Metadata-Version: 2.4
Name: ghost-pii-pydantic
Version: 0.1.3
Summary: Automatic PII redaction for Pydantic v2 — masks sensitive data in logs and print statements. GDPR/HIPAA-friendly.
Project-URL: Homepage, https://github.com/STHITAPRAJNAS/ghost-pii-pydantic
Project-URL: Repository, https://github.com/STHITAPRAJNAS/ghost-pii-pydantic
Project-URL: Documentation, https://github.com/STHITAPRAJNAS/ghost-pii-pydantic#readme
Project-URL: Issues, https://github.com/STHITAPRAJNAS/ghost-pii-pydantic/issues
Author-email: Sthitaprajna Sahoo <papu.sahoo@gmail.com>
License: Apache-2.0
License-File: LICENSE
Keywords: anonymisation,compliance,data-privacy,data-protection,gdpr,hipaa,logging,masking,pii,privacy,pydantic,pydantic-v2,redaction,security
Classifier: Development Status :: 4 - Beta
Classifier: Intended Audience :: Developers
Classifier: License :: OSI Approved :: Apache Software License
Classifier: Operating System :: OS Independent
Classifier: Programming Language :: Python :: 3
Classifier: Programming Language :: Python :: 3 :: Only
Classifier: Programming Language :: Python :: 3.10
Classifier: Programming Language :: Python :: 3.11
Classifier: Programming Language :: Python :: 3.12
Classifier: Programming Language :: Python :: 3.13
Classifier: Topic :: Internet :: Log Analysis
Classifier: Topic :: Security
Classifier: Topic :: Software Development :: Libraries
Classifier: Topic :: Software Development :: Libraries :: Python Modules
Classifier: Typing :: Typed
Requires-Python: >=3.10
Requires-Dist: pydantic>=2.0.0
Provides-Extra: dev
Requires-Dist: email-validator>=2.0.0; extra == 'dev'
Requires-Dist: mypy>=1.10; extra == 'dev'
Requires-Dist: pytest-cov>=5.0; extra == 'dev'
Requires-Dist: pytest>=8.0; extra == 'dev'
Requires-Dist: ruff>=0.4; extra == 'dev'
Description-Content-Type: text/markdown

# GhostPII 👻

**Automatic PII redaction for Pydantic v2 — zero-config, GDPR/HIPAA-friendly.**

[![PyPI version](https://img.shields.io/pypi/v/ghost-pii-pydantic.svg)](https://pypi.org/project/ghost-pii-pydantic/)
[![Python](https://img.shields.io/pypi/pyversions/ghost-pii-pydantic.svg)](https://pypi.org/project/ghost-pii-pydantic/)
[![CI](https://github.com/STHITAPRAJNAS/ghost-pii-pydantic/actions/workflows/ci.yml/badge.svg)](https://github.com/STHITAPRAJNAS/ghost-pii-pydantic/actions/workflows/ci.yml)
[![License](https://img.shields.io/badge/license-Apache%202.0-green)](LICENSE)
[![Typed](https://img.shields.io/badge/typing-py.typed-informational)](src/ghost_pii/py.typed)

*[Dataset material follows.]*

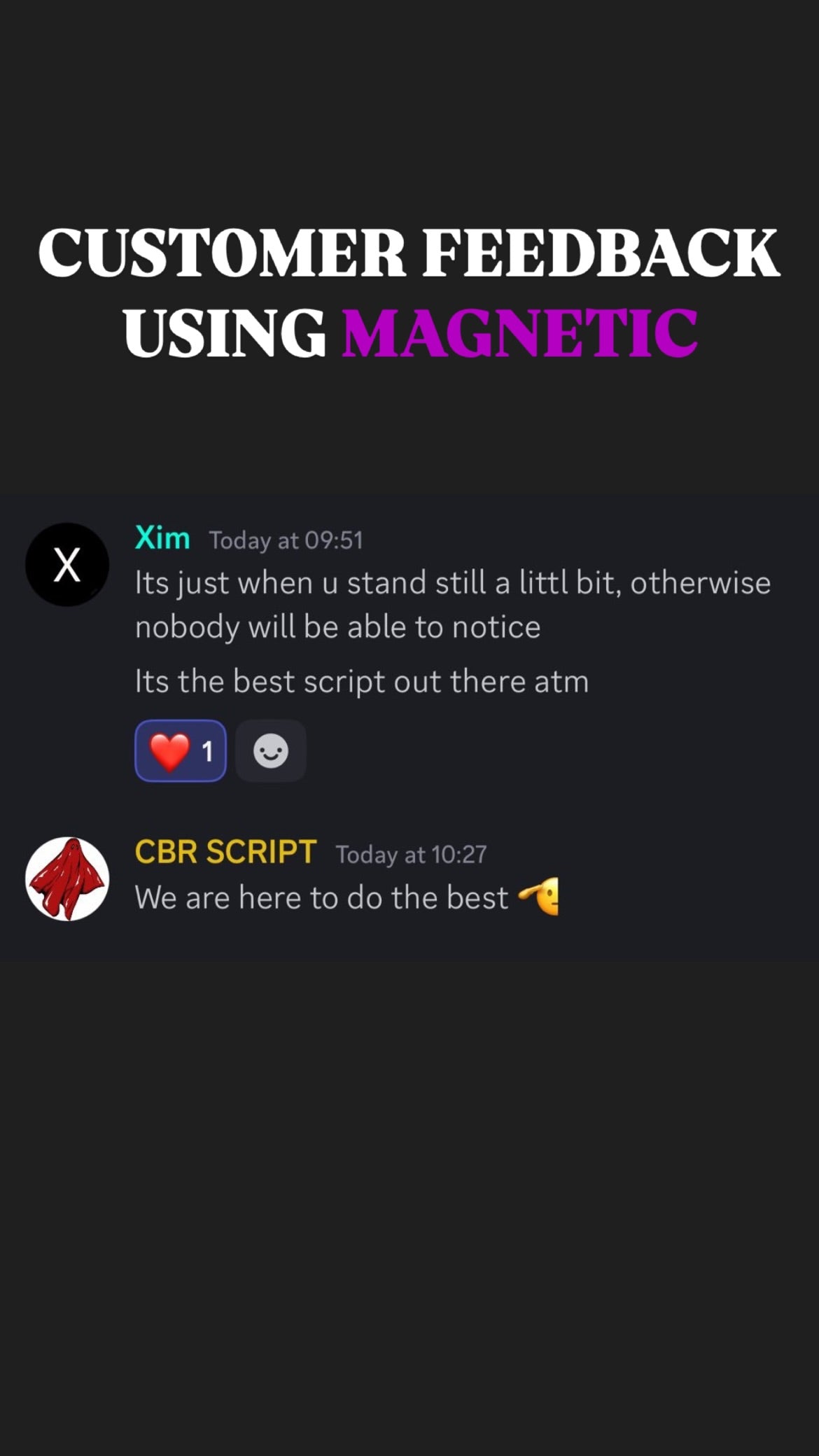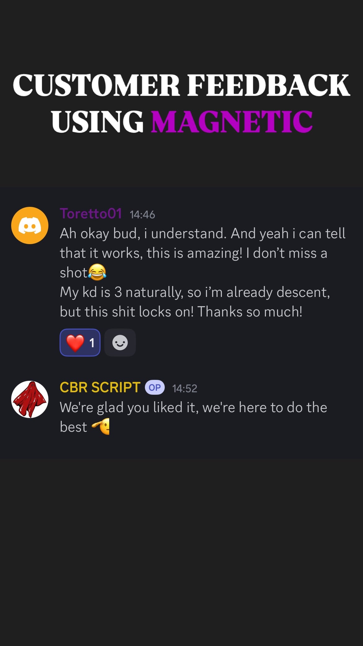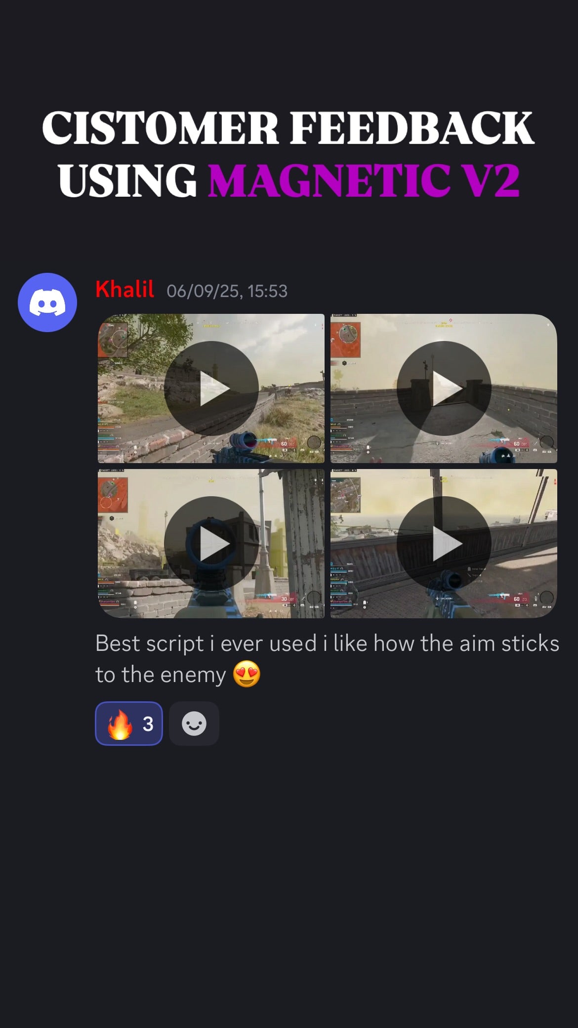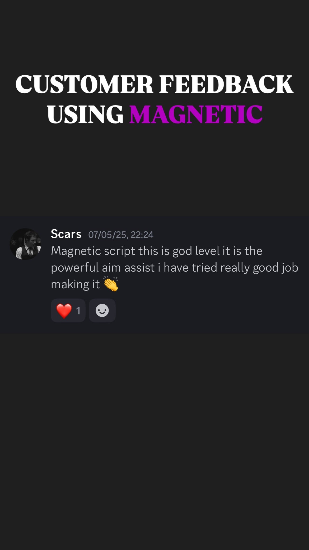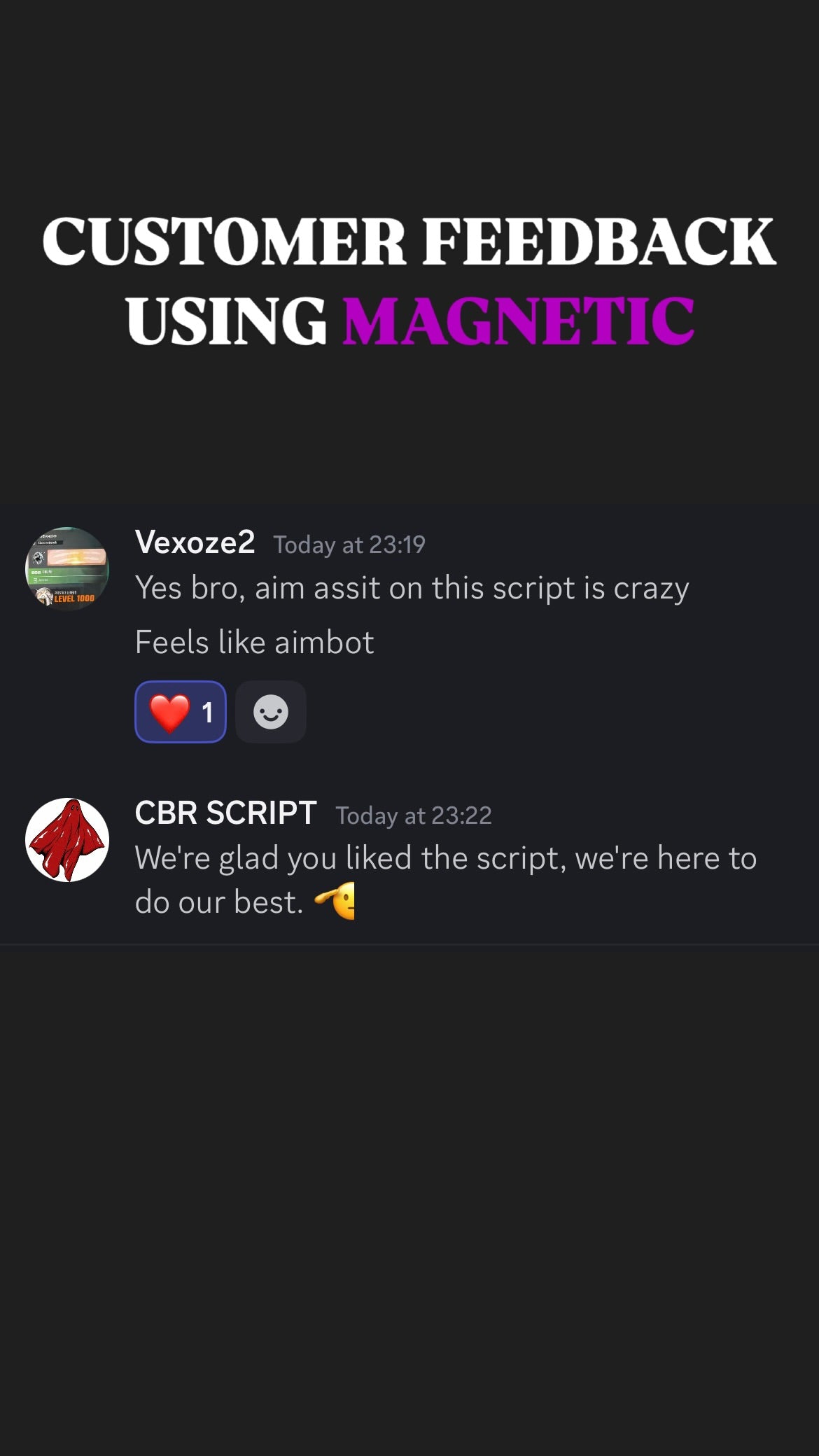 ๐ฅ When you get Magnetic Script With Support, you donโt just get the best aim assistโ you also join an exclusive community of like-minded players who share your passion for gaming excellence. Our Discord community is the perfect place to connect with other Magnetic Script users, share tips, and level up together!

> **Note:** This project is published on PyPI as [`ghost-pii-pydantic`](https://pypi.org/project/ghost-pii-pydantic/).

GhostPII solves the **"Logged Secret"** problem: sensitive fields (emails, SSNs, credit card numbers, API keys) leaking into logs and tracebacks. It provides a smart string proxy that automatically redacts itself in unsafe contexts (`logging`, `print`, tracebacks) while remaining fully functional for business logic, databases, and APIs.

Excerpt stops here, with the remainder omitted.